== Supplied material ==

[Start of Attachment]

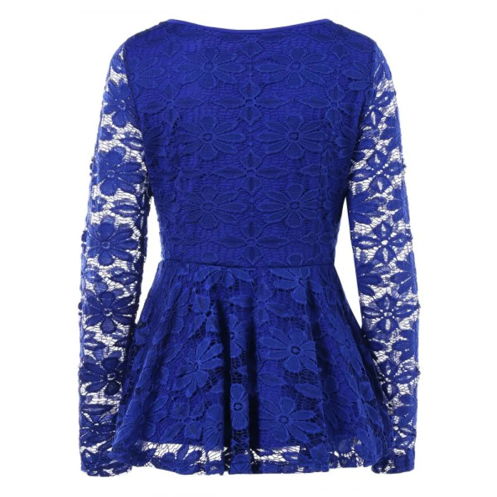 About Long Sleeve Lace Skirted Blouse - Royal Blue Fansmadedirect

[End of Attachment]
[Start of Attachment]

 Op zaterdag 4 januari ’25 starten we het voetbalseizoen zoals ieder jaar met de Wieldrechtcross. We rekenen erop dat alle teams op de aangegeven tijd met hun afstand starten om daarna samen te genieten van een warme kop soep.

[End of Attachment]
[Start of Attachment]

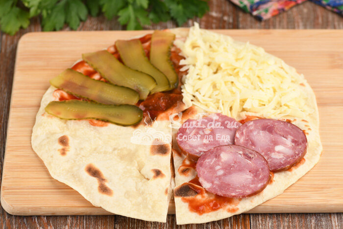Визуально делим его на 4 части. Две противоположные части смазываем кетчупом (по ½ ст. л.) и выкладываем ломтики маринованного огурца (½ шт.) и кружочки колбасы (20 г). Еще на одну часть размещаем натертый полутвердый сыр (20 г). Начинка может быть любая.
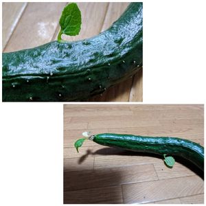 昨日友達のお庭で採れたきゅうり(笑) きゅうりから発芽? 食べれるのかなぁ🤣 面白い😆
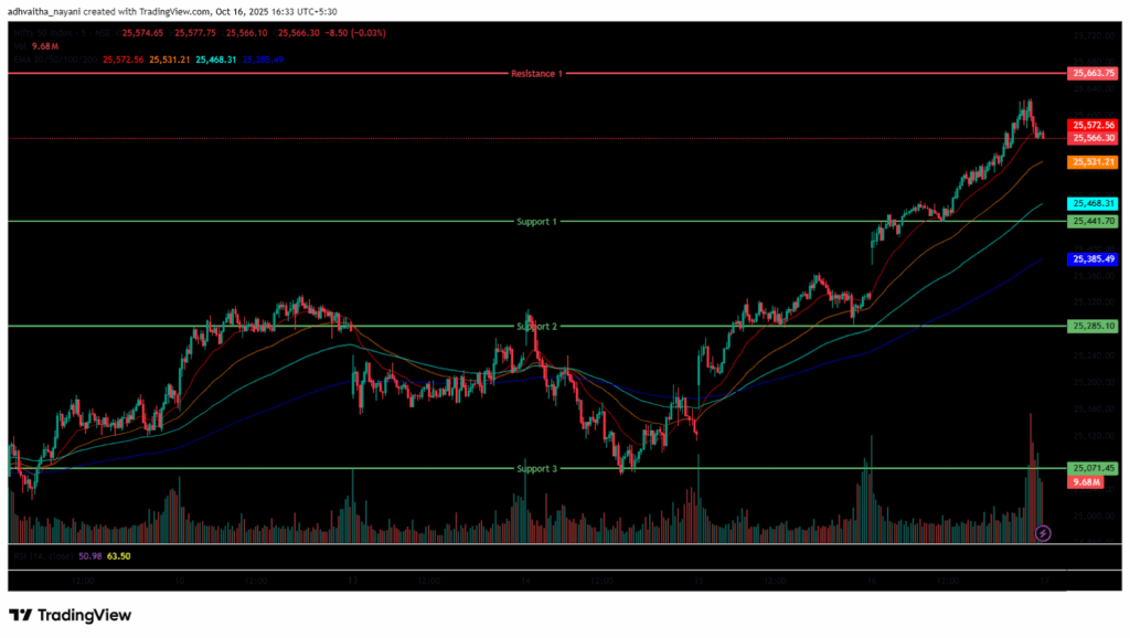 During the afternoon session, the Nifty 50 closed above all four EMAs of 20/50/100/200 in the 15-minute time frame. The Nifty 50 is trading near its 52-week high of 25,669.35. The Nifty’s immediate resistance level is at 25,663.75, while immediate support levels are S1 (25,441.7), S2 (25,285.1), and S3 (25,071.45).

[End of Attachment]

== Task ==
Give back exactly the lines above that run from the one with "Визуально делим его" to the one with "During the afternoon", including both, with the pictures left out.

== Answer section ==
Визуально делим его на 4 части. Две противоположные части смазываем кетчупом (по ½ ст. л.) и выкладываем ломтики маринованного огурца (½ шт.) и кружочки колбасы (20 г). Еще на одну часть размещаем натертый полутвердый сыр (20 г). Начинка может быть любая.
 昨日友達のお庭で採れたきゅうり(笑) きゅうりから発芽? 食べれるのかなぁ🤣 面白い😆
 During the afternoon session, the Nifty 50 closed above all four EMAs of 20/50/100/200 in the 15-minute time frame. The Nifty 50 is trading near its 52-week high of 25,669.35. The Nifty’s immediate resistance level is at 25,663.75, while immediate support levels are S1 (25,441.7), S2 (25,285.1), and S3 (25,071.45).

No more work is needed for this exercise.